【主張】割増率50%適用に備えよ
厚生労働省が、長時間労働のトラック運送業に対する取締りを加速している。8月中旬には、計ったかのように愛知、埼玉、茨城に所在する運送業者をほぼ同時期に司法処分した(本紙9月5日号3面既報)。
過重労働防止対策が監督行政の「最重要課題」となっている面もあるが、国会に提出中の労働基準法改正案成立に向けた「地ならし」とみることができる。今後当分の間は、運送業への取締りが強化されると考えていい。関係業者は、長時間労働是正への努力が経営継続の条件と捉え、目に見える結果を出していく必要がある。
現行労基法では、中小企業における月60時間超の時間外労働に対する50%以上の割増賃金率の適用を猶予しているが、国会に提出済みの同法改正案には、施行3年後に同猶予措置を廃止する規定を盛り込んだ。この改正によって、最も大きな影響を受けるのが運転者を多く雇用する運送業なのだ。
最長で月60時間超の労働者がいる中小事業場の割合は、比較的長時間労働とされる研究開発業務でも15%なのに、自動車運転業務では42%と突出している。100時間超でくくっても10%に及ぶ。
このため、厚労省では、トラック業界と荷主企業および国土交通省などと連携を強めて長時間労働の是正支援策を検討中である。今後はパイロット事業(実証実験)に力を入れて、その成果をフィードバックする意向という。

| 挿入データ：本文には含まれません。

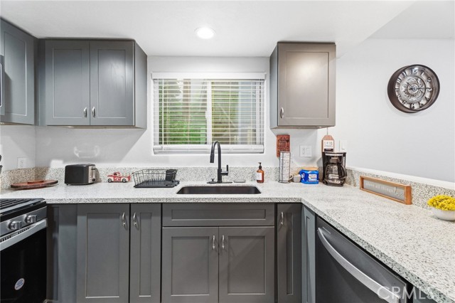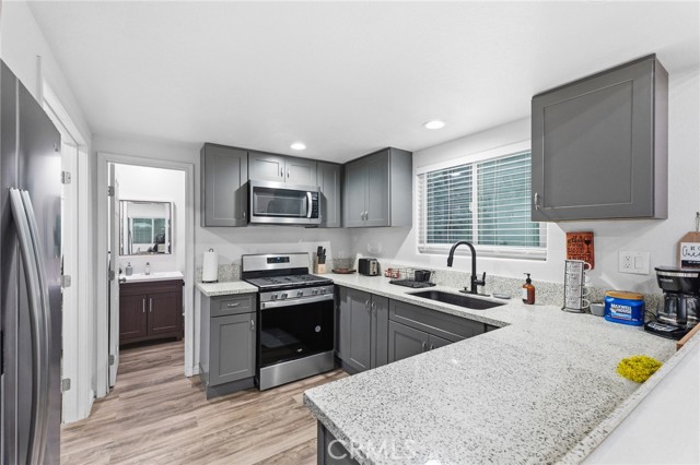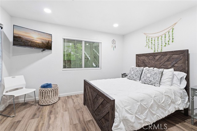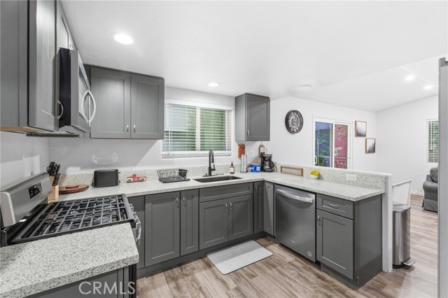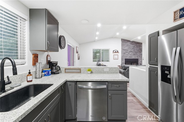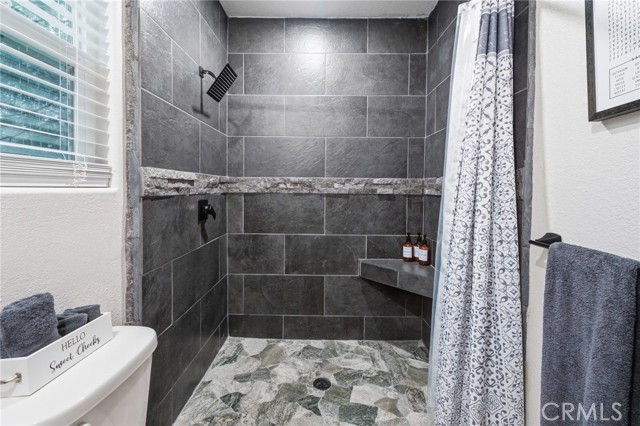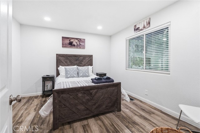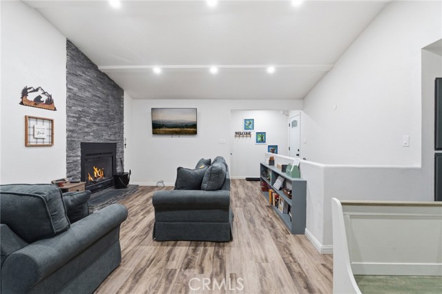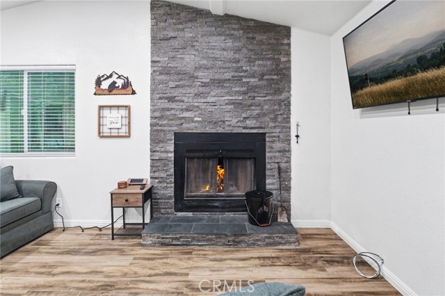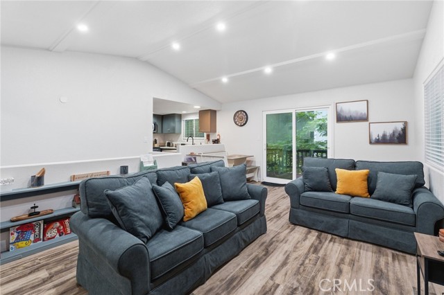 Tucked among towering pines just minutes from Lake Gregory, local shops, and great dining, this beautifully updated cabin is your perfect mountain getaway. Enjoy the best of both worlds…peaceful forest living with everything you need close by. Inside, you'll find a fully renovated interior with luxury vinyl plank flooring, recessed lighting, and a stunning floor-to-ceiling stacked stone fireplace. The updated kitchen features gray shaker cabinets, quartz countertops, stainless steel appliances, and a gas range. The open layout flows nicely into a cozy dining nook with sliding doors leading to your private deck overlooking the trees. Two charming bedrooms with warm, boho-style decor offer a restful escape after a day of mountain adventures. Multiple deck levels give you plenty of outdoor space to relax and take in the natural beauty all around you. Your mountain retreat is ready and waiting!

監督機関による長時間労働の取締り強化は、まさに車の両輪として動いているとみられ、運送業界に改めて警鐘を鳴らす意味があろう。監督実績(平成27年)をみても、対象となった2783事業場のうち1729事業場で労働時間関係の違反が発覚した。司法処分を他山の石として長時間労働是正を図ることが、来年にも成立しようとしている労基法改正への準備となる。
50%以上の割増賃金率が今のまま適用されてしまえば、経営が危うくなると訴える中小業者も少なくなく、本来的にコンプライアンス以前の問題であることを認識すべきだろう。